Following the outburst of the North Yemen Civil War Kennedy, fearing that it would lead to a larger conflict between Egypt and Saudi Arabia (which might involve the United States as Saudi ally), decided to recognize the revolutionary regime. Kennedy hoped that it could stabilize the situation in Yemen. The president still tried to persuade Nasser to pull his troops out.

===Iraq===

Relations between the United States and Iraq became strained following the overthrow of the Iraqi monarchy on July 14, 1958, which resulted in the declaration of a republican government led by Brigadier Abd al-Karim Qasim. Concerned about the influence of the Iraqi Communist Party (ICP) in Qasim's administration, President Eisenhower questioned that "it might be good policy to help [Gamal Abdel Nasser] take over in Iraq," recommending that Nasser be provided with "money and support," thus the U.S. "moved into increasingly close alignment with Egypt with regard to Qasim and Iraq." Eisenhower established a Special Committee on Iraq (SCI) in April 1959 to monitor events and propose various contingencies for preventing a communist takeover of the country, and "soon developed a detailed plan for assisting nationalist elements committed to the overthrow of Qasim." The SCI was disbanded within days of Kennedy's inauguration as president, however subsequent events would return Iraq to the attention of American officials.

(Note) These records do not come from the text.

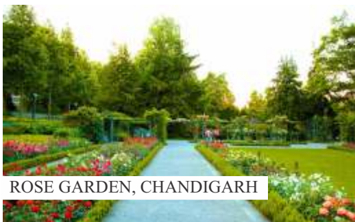
ROSE GARDEN, CHANDIGARH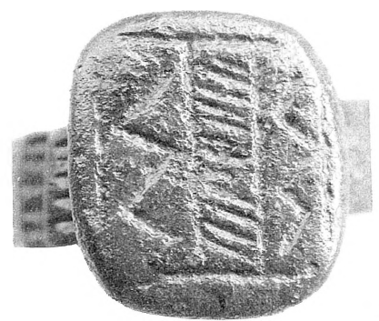
Fig. 1. Ring form grave 463 - detail

The ring is made of bronze, with the application of the techniques of casting and carving. Its analysis revealed that it is a later derivate, i.e., a rural variety of the luxurious aristocratic rings imported from Italy in the 15th century. Abandoning the complex Evangelical texts, the minute decoration on the head and the loop, the precious metals (gold and niello) and the painstaking techniques, the local craftsmen managed to imitate only the ornamental elements on these rings. Thus, for example, on the ring from Vodoča we see the letter R in the centre of the decorated surface on the head or, as it is known in some archaic Macedonian dialects, on the "little shield." Fig. 1.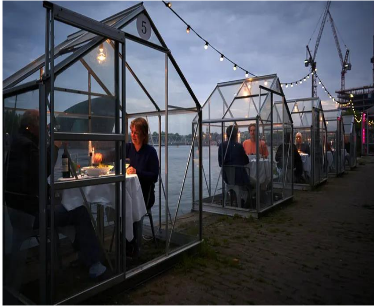
Amsterdam, ETEN restaurant

On June 25, 1961, Qasim mobilized troops along the border between Iraq and Kuwait, declaring the latter nation "an indivisible part of Iraq" and causing a short-lived "Kuwait Crisis." The United Kingdom, which had just granted Kuwait independence on June 19 and whose economy was heavily dependent on Kuwaiti oil supplies, responded on July 1 by dispatching 5,000 troops to the country to deter any Iraqi invasion. At the same time, Kennedy briefly dispatched a U.S. Navy task force to Bahrain, and the U.K. (at the urging of the Kennedy administration) brought the dispute to United Nations Security Council, where the proposed resolution was vetoed by the Soviet Union. The situation was finally resolved in October, when the British troops were withdrawn and replaced by a 4,000-strong Arab League force. The Kennedy administration's initially "low-key" response to the stand-off was motivated by the desire to project an image of the U.S. as "a progressive anti-colonial power trying to work productively with Arab nationalism" as well as the preference of U.S. officials to defer to the U.K. on issues related to the Persian Gulf.

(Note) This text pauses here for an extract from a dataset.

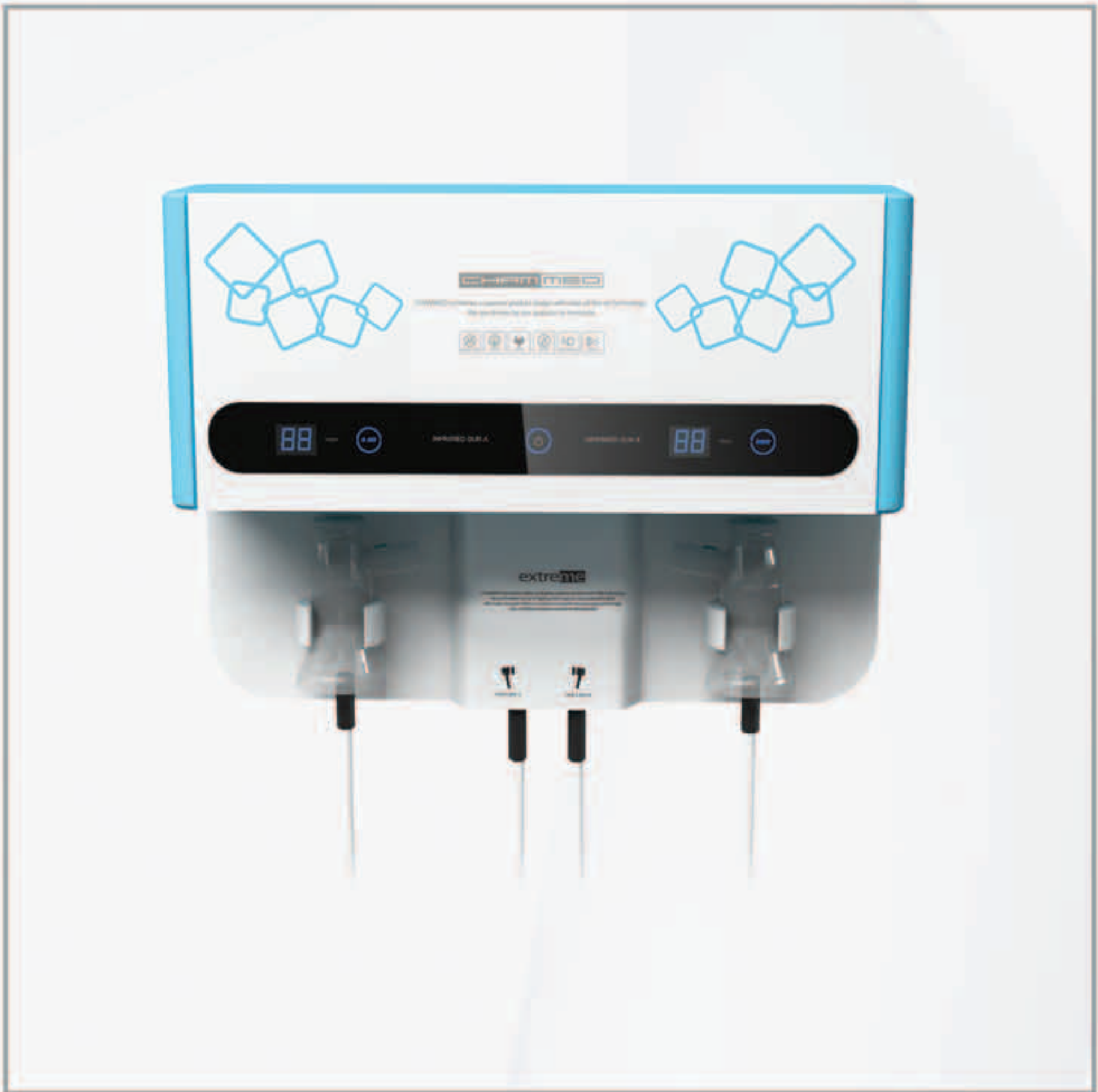
▲ XCN5 extreme

Beginning in July 1961, following months of violence between feuding Kurdish tribes, Kurdish leader Mustafa Barzani returned to northern Iraq and began retaking territory from his Kurdish rivals. The Kurdistan Democratic Party (KDP) sent Qasim a list of demands in August, which included the withdrawal of Iraqi government troops from Kurdish territory and greater political freedom. For the next month, U.S. officials in Iran and Iraq predicted that a war was imminent. Faced with the loss of northern Iraq after non-Barzani Kurds seized control of a key road leading to the Iranian border in early September, Qasim finally ordered the systematic bombing of Kurdish villages on September 14, which caused Barzani to join the rebellion on September 19. The exact nature of U.S. involvement in the Kurdish War is unclear. In August 1962, Turkey arrested two U.S. Navy petty officers on charges of smuggling arms to Iraqi Kurdish rebels. Shortly thereafter, Iraq arrested two unnamed U.S. Army attachés, charging them with acting as "intermediaries between a former assistant army attaché in Iraq, Lt. Col. Harry Hall, and Iraqi Kurds." Qasim used these arrests as evidence of U.S. and British complicity in the revolt, and accused Barzani of being an American "stooge." According to Bryan R. Gibson, the U.S. repeatedly refused Kurdish requests for assistance. On the other hand, Brandon Wolfe-Hunnicutt writes that "by the summer of 1962 the United by the summer of 1962 the United States may have begun to respond favorably" to Kurdish appeals for U.S. support, and that while "[a]vailable documentation does not prove conclusively that the United States provided covert assistance to the Kurds ... the documents that have been declassified are certainly suggestive."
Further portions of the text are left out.